Page 1 of 1

OCR makes scanned text invisible in 7.0.323.2

Posted: Sun Jan 07, 2018 8:14 pm
by scan_user
Problem: Scanned pages appear blank when OCR is turned on in “image insertion options”. The text selection tool and search tool both find the text on the scanned page, but the text is invisible. When scanned without auto-OCR the text is visible, and when OCR is run after the scan the text remains visible. The problem only occurs when OCR is done automatically with the scan.
v6.0 does not seem to have this problem.

Example enclosed

First off, I’ve been using TurboPDF for a while, and their scan workflow drives me mad (too many clicks, does not remember preferences), so I started looking around, and after playing with Power PDF I finally looked at PDF Xchange.
And I must say I am impressed by the attention to detail in PDF-Xchange. Little things like search placing a big fat blue highlight on the found text (makes it much easier to find than the hard to see highlights in both others). Or the many settings, e.g. to be able to have an automatic date-bookmark for a scanned page. Really nice. Also the new user interface of 7.0 greatly improves productivity over 6.0 (which I tried too, because of the bug). Being able to define very low-level shortcuts (e.g. “insert from scan”) in the top-bar and drop-to open… all great stuff.
Definitely the smoothest workflow for scan that I could find. (fewest clicks with all settings remembered)

So I’m basically ready to switch, and then I run into this ugly bug:
Scanning documents works fine, until I switch on OCR. As soon as automatic OCR is selected in “Images insertion options” then the scanned page looks BLANK.

When I use the “text select tool” and sweep across that scanned/OCRd page, then the tool highlights all the invisible text. So does the ‘search” function: it highlights the right areas. So the text is there, but it is invisible. Happens both with TWAIN or WIA driver. So I don’t think it’s related to the scanner, which works fine with Turbo PDF and Power PDF.
I tried v6.0 and the scan plus auto-OCR works fine. (but it doesn’t find my TWAIN driver, and the GUI is not as nice as 7.0).
Can you please fix this and make auto OCR possible?
Example document enclosed.

Oh, one more thing: with so many nice settings, how about a setting for keeping or deleting preferences on uninstall. Currently it seems to remember all preferences, even with a full uninstall: the settings (e.g. toolbars) are still there after a reinstall. (only afer installing the previous rev they are gone)
I tried uninstall to see if something was wrong with my install. For that purpose I would have liked to completely clean out the registry of all settings, just to make sure I go back to all defaults…
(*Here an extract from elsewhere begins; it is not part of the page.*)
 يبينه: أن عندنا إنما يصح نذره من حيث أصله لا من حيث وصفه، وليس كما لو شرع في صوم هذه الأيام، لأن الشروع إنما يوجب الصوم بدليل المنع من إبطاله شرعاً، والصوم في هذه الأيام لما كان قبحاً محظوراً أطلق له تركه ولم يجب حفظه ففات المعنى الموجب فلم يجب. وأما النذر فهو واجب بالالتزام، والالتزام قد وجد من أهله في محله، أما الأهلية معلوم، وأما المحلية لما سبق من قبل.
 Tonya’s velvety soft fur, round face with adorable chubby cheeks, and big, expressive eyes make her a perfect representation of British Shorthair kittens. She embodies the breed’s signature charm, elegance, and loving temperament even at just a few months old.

Re: OCR makes scanned text invisible in 7.0.323.2

Posted: Mon Jan 08, 2018 9:29 am
by Tracker Supp-Stefan
Hello scan_user,

Welcome to our forms and thanks for your report.
This is a known issue in the current build.
Please do the scanning without OCR, and then run the OCR as a separate step - and this will preserve the images and add the needed text layer on top.
We are working on a fix, so the above is just a workaround until the next build.
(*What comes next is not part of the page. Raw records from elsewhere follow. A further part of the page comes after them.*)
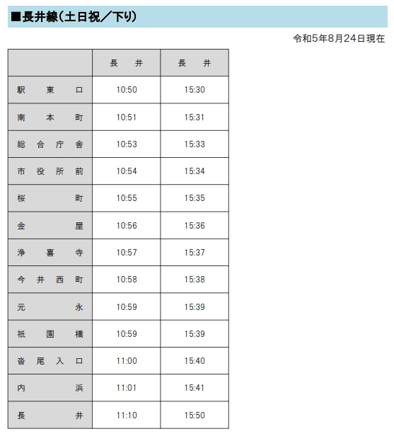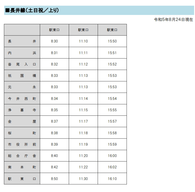 - 路線バスは一般交通網で運行されるため、道路状況の影響を受けやすく、時刻表通りに到着しない場合があります。
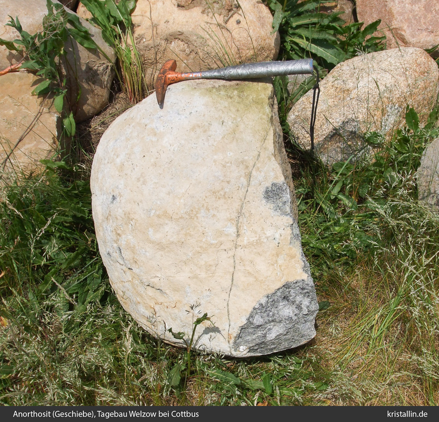 (38/47) This is what an anorthosite erratic can look like if it has been outside for a long time. The light weathering crust was so thick that the stone could not be determined without a fresh surface.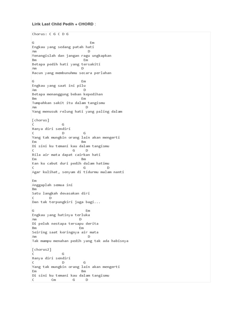 G em engkau yang saat ini pilu engkau yang saat ini pilu am d betapa menanggung beban kepedihan bm em. Berikut chord 'pedih', lagu yang ada di album pertama last child yang bertajuk grow up dirilis pada 2007. Minggu, 16 februari 2020 22:40 wib Minggu, 22 november 2020 21:01 wib. intro c g c d g g engkau yang sedang em patah hati am menangislah dan jangan d ragu ungkapkan bm betapa pedih hati em yang tersakiti am racun yang membunuhmu d secara perlahan g em engkau yang saat ini pilu (engkau yang saat ini pilu) am d betapa menanggung beban kepedihan bm tumpahkan.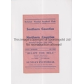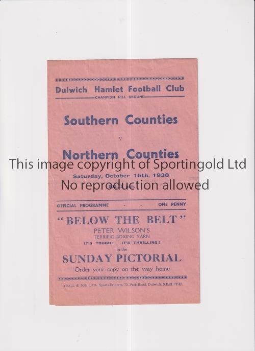 SOUTHERN COUNTIES V NORTHERN COUNTIES 1938 AT DULWICH HAMLET F.C. Programme for the match on 15/10/1938, slight horizontal crease. Generally good

I will pass the suggestion for a full settings clear up at uninstall time for consideration, but if you want to do a clean uninstall - then you can use the unisntaller tool, and then manually remove the HKEY_CURRENT_USER\Software\Tracker Software tree - which stores all the settings for our software.
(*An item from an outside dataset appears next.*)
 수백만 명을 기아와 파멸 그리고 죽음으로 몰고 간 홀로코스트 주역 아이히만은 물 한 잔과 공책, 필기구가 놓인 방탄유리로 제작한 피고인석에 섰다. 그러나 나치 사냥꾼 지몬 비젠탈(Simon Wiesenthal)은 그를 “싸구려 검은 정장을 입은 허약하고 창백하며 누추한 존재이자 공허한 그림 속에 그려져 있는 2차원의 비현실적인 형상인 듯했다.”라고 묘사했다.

Re: OCR makes scanned text invisible in 7.0.323.2

Posted: Sat Jan 13, 2018 7:13 pm
by scan_user
Thanks, Stefan,
I'll wait for the next release then to enable auto OCR.

I did get the license, and now that I started using it, if ran into another unexpected thing, for which I could not seem to find an answer in either help or the forums...

When I run OCR, every other software that I tried (Acrobat, PowerPDF, nuance) will automatically rotate the page so that the text that it found is horizontal. That sometimes gets interesting when there is text in different directions (e.g. on a margin), but it generally works very well. And it saves another lengthy step of having to manually select the scanned pages that were originally printed in landscape mode and then manually rotating them.
I could not find such an "auto-rotate" option in the OCR settings or anywhere else.

It seems like such a no-brainer to have this as an option.... am I missing something?
( I have auto-deskew on in the image insertion options, but that didn't seem to do the trick)


Re: OCR makes scanned text invisible in 7.0.323.2

Posted: Mon Jan 15, 2018 10:41 am
by Tracker Supp-Stefan
Hello Scan_user,

Yes we are not currently doing such auto rotations, but I believe a colleague is currently working on some further improvements to the OCR engine, and I will pass him this suggestion as well for consideration!


Re: OCR makes scanned text invisible in 7.0.323.2

Posted: Wed May 23, 2018 9:58 am
by Willy Van Nuffel
In PDF-XChange Editor V7 build 325.1 the "auto-rotate" in OCR is still missing.

Any news about this ?

Re: OCR makes scanned text invisible in 7.0.323.2

Posted: Wed May 23, 2018 11:12 am
by Tracker Supp-Stefan
Hello Willy,

I am afraid that I do not have any news on the subject, so I will ask around now to see if I can find anything else to share here!